The guardrails are in the controller: it enforces encryption at rest, restricts instance sizes to approved tiers, ensures backups are enabled, and prevents public access.
Principle 3: Appropriate Abstraction
The hardest decision in platform engineering is the abstraction level. Too thin and you have not reduced cognitive load. Too thick and you have created a black box that developers cannot debug when things go wrong.
Good abstractions hide unnecessary complexity while keeping essential complexity visible. A developer should not need to know about VPC peering to deploy a service, but they should be able to see their pod’s resource usage and logs.
A useful test: if a developer cannot troubleshoot a production issue without calling the platform team, the abstraction is too thick. If they need to read Terraform source to understand what their database claim provisions, the abstraction is too thin.
Principle 4: Treat the Platform as a Product
The platform team’s customers are the engineering teams. This means:
User research. Talk to developers. Watch them deploy. Find out what takes the longest, what confuses them, and what they copy-paste from other teams.
Onboarding. New engineers should be able to deploy their first change on day one using the platform. If they cannot, the platform has a usability problem.
Documentation. Every golden path needs a getting-started guide. Every platform API needs reference documentation. Treat docs like code: version them, review them, test them.

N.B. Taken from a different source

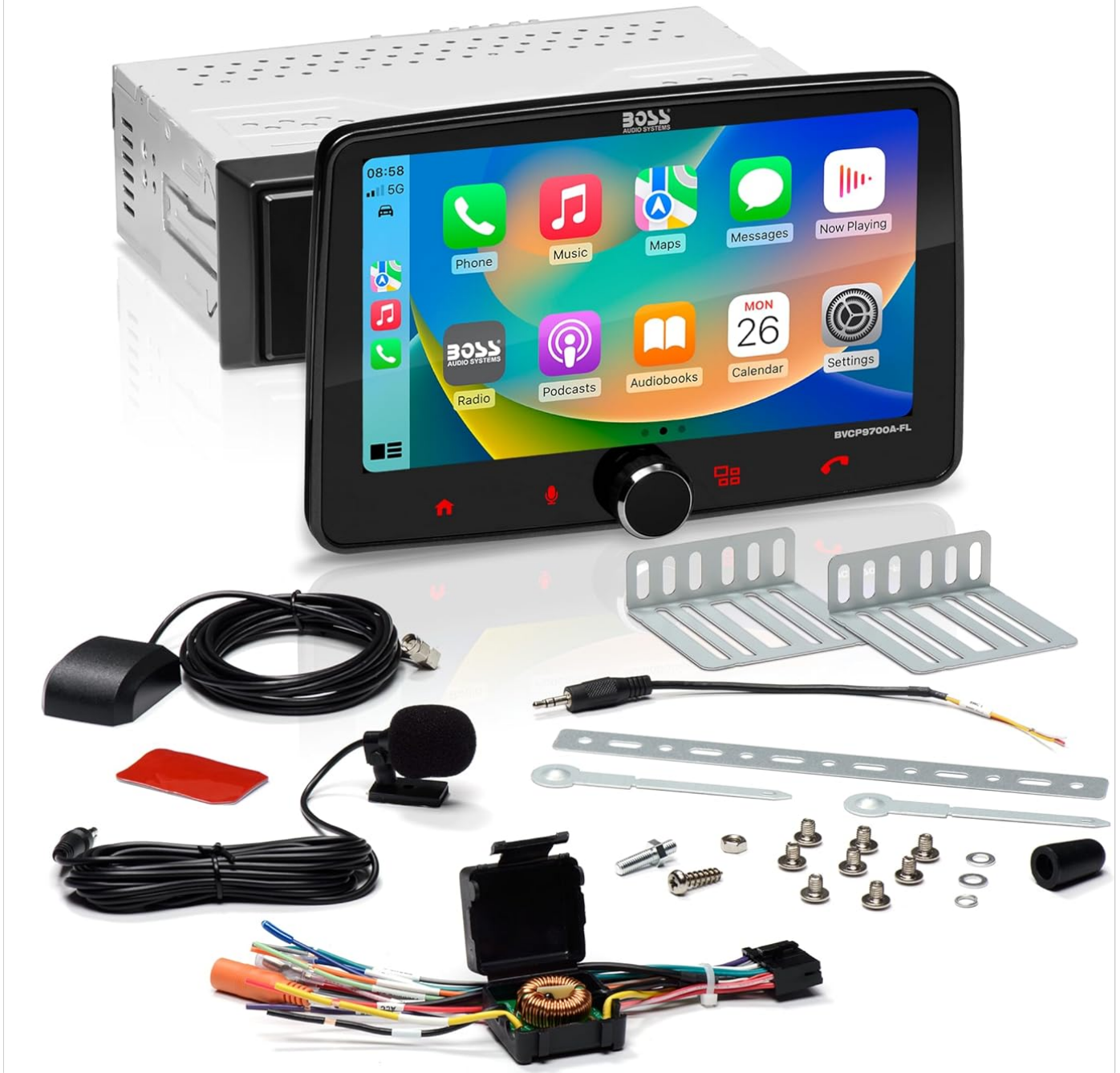
Figure 3.1: All components included with the BVCP9700A-FL car stereo.

Roadmap. Prioritize platform features based on developer impact. A feature that saves 100 developers 10 minutes each week is worth more than a feature that makes the platform architecture cleaner.
Principle 5: Measure Platform Success
You cannot improve what you do not measure. Track these metrics:
Deployment frequency — how often teams deploy. A good platform makes deploying easy, which increases frequency.
Lead time for changes — how long from commit to production. The platform should reduce this by automating environment provisioning and CI/CD.
Time to first deploy for new services — how long it takes to go from “I need a new service” to a running deployment. The golden path should bring this under an hour.
Platform adoption rate — what percentage of services use the platform’s golden paths versus custom setups. Low adoption means the platform is not solving real problems.
Developer satisfaction — survey developers quarterly. Ask what is working, what is painful, and what they wish existed. A platform nobody likes will not get adopted.
Anti-Patterns
Building in isolation. A platform team that builds for six months without shipping anything to real users will build the wrong thing. Ship small, iterate based on feedback.
Mandating adoption. If you have to force teams to use the platform, the platform is not good enough. Fix the product, do not force the users.
Over-abstracting early. Start with templates and scripts. Graduate to controllers and APIs when you have proven the patterns work. Premature abstraction creates premature complexity.
Ignoring escape hatches. Every golden path needs an exit ramp. When a team has a legitimate edge case, they should be able to diverge without fighting the platform.
Wrap-up
Platform engineering is about building an internal product that makes other engineers more productive. Design golden paths that cover common workflows, provide self-service with guardrails, choose the right abstraction level, treat the platform as a product with real users, and measure success with concrete metrics. The best platform is the one developers choose to use because it genuinely makes their work easier.